Dark Shikari's Avatar
 
Join Date: Sep 2005
Posts: 8,666
Here's my fixed ME_Prepass patch.

Code:
Index: common/common.c
===================================================================
--- common/common.c    (revision 675)
+++ common/common.c    (working copy)
@@ -441,6 +441,8 @@
         p->analyse.i_mv_range_thread = atoi(value);
     OPT2("subme", "subq")
         p->analyse.i_subpel_refine = atoi(value);
+    OPT2("me-prepass", "meprepass")
+        p->analyse.i_me_prepass = atobool(value);
     OPT("bime")
         p->analyse.b_bidir_me = atobool(value);
     OPT("chroma-me")
@@ -879,6 +881,7 @@
     s += sprintf( s, " analyse=%#x:%#x", p->analyse.intra, p->analyse.inter );
     s += sprintf( s, " me=%s", x264_motion_est_names[ p->analyse.i_me_method ] );
     s += sprintf( s, " subme=%d", p->analyse.i_subpel_refine );
+    s += sprintf( s, " me-prepass=%d", p->analyse.i_me_prepass );
     s += sprintf( s, " brdo=%d", p->analyse.b_bframe_rdo );
     s += sprintf( s, " mixed_ref=%d", p->analyse.b_mixed_references );
     s += sprintf( s, " me_range=%d", p->analyse.i_me_range );
Index: encoder/me.c
===================================================================
--- encoder/me.c    (revision 675)
+++ encoder/me.c    (working copy)
@@ -61,6 +61,23 @@
     COPY3_IF_LT( bpred_cost, cost, bpred_mx, mx, bpred_my, my ); \
 }
 
+#define COST_MV_HPEL2( mx, my, cost ) \
+{ \
+    int stride = 16; \
+    uint8_t *src = h->mc.get_ref( m->p_fref, m->i_stride[0], pix, &stride, mx, my, bw, bh ); \
+    cost = h->pixf.fpelcmp[i_pixel]( m->p_fenc[0], FENC_STRIDE, src, stride ) \
+             + p_cost_mvx[ mx ] + p_cost_mvy[ my ]; \
+}
+
+#define COST_MV_HPEL3( mx, my) \
+{ \
+    int stride = 16; \
+    uint8_t *src = h->mc.get_ref( m->p_fref, m->i_stride[0], pix, &stride, mx, my, bw, bh ); \
+    int cost = h->pixf.fpelcmp[i_pixel]( m->p_fenc[0], FENC_STRIDE, src, stride ) \
+             + p_cost_mvx[ mx ] + p_cost_mvy[ my ]; \
+    COPY3_IF_LT( bestcost, cost, bestx, mx, besty, my ); \
+}
+
 #define COST_MV_X3_DIR( m0x, m0y, m1x, m1y, m2x, m2y, costs )\
 {\
     uint8_t *pix_base = p_fref + bmx + bmy*m->i_stride[0];\
@@ -177,18 +194,85 @@
     pmx = ( bmx + 2 ) >> 2;
     pmy = ( bmy + 2 ) >> 2;
     bcost = COST_MAX;
-
+    
     /* try extra predictors if provided */
     if( h->mb.i_subpel_refine >= 3 )
     {
         COST_MV_HPEL( bmx, bmy );
-        for( i = 0; i < i_mvc; i++ )
+        if(!h->param.analyse.i_me_prepass)
         {
-             const int mx = x264_clip3( mvc[i][0], mv_x_min*4, mv_x_max*4 );
-             const int my = x264_clip3( mvc[i][1], mv_y_min*4, mv_y_max*4 );
-             if( mx != bpred_mx || my != bpred_my )

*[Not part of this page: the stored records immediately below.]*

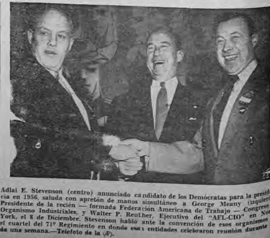
Adlai E. Stevenson (centro) anunciado candidato de los Demócratas para la presidencia en 1956, saluda con aprobación de manos simultáneas a George Meany (izquierda) Presidente de la recién formada Federación Americana de Trabajo — Congreso de Organismo Industriales, y Walter P. Reuther, Ejecutivo del "AFL-CIO" en Nueva York, el 8 de Diciembre. Stevenson habló ante la convención de esos organismos en el cuartel del 719 Regimiento en donde esas entidades celebraron reunión durante una semana.
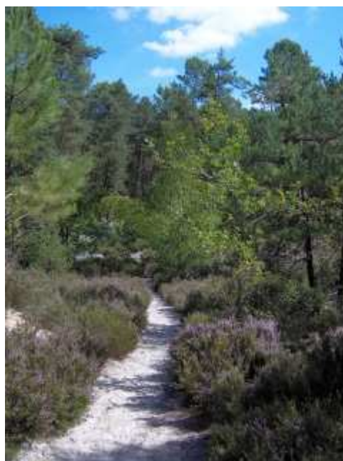
Le GR13 en forêt de la Commanderie

Atteindre le village de Puiset en passant par le chaos rocheux du mont
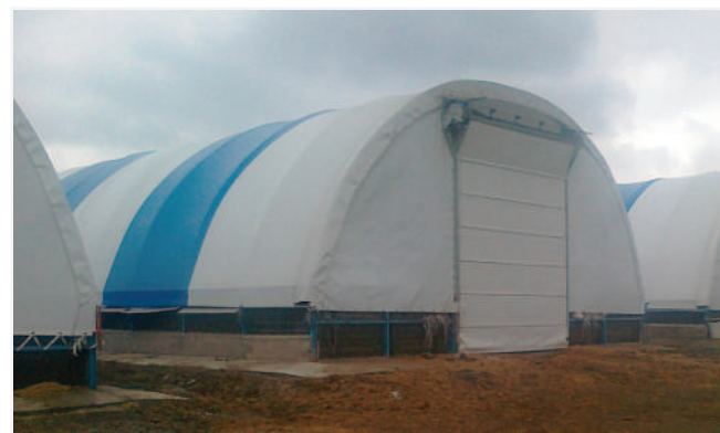
На готовій основі у клієнта
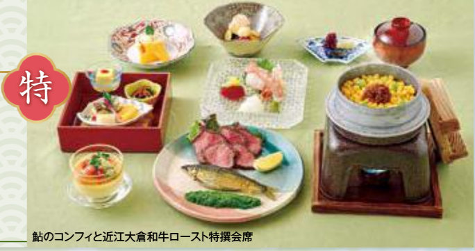
鮎のコンフィと近江大倉和牛ロースト特撰会席

和 合鴨ロース陶板焼と 旬を楽しむ 和み会席 料 近江大倉和牛 サーロイン陶板焼 おすすめ夏会席 特 鮎のコンフィと 近江大倉和牛 ロースト特撰会席
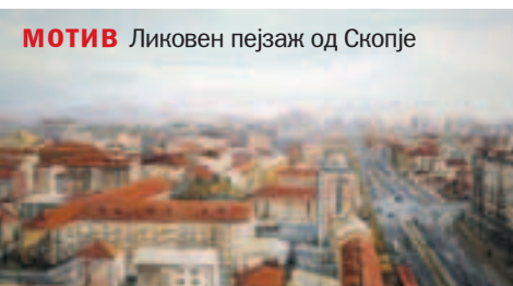
МОТИВ Ликовен пејзаж од Скопје

-                 COST_MV_HPEL( mx, my );
+            for( i = 0; i < i_mvc; i++ )
+            {
+                 const int mx = x264_clip3( mvc[i][0], mv_x_min*4, mv_x_max*4 );
+                 const int my = x264_clip3( mvc[i][1], mv_y_min*4, mv_y_max*4 );
+                 if( mx != bpred_mx || my != bpred_my )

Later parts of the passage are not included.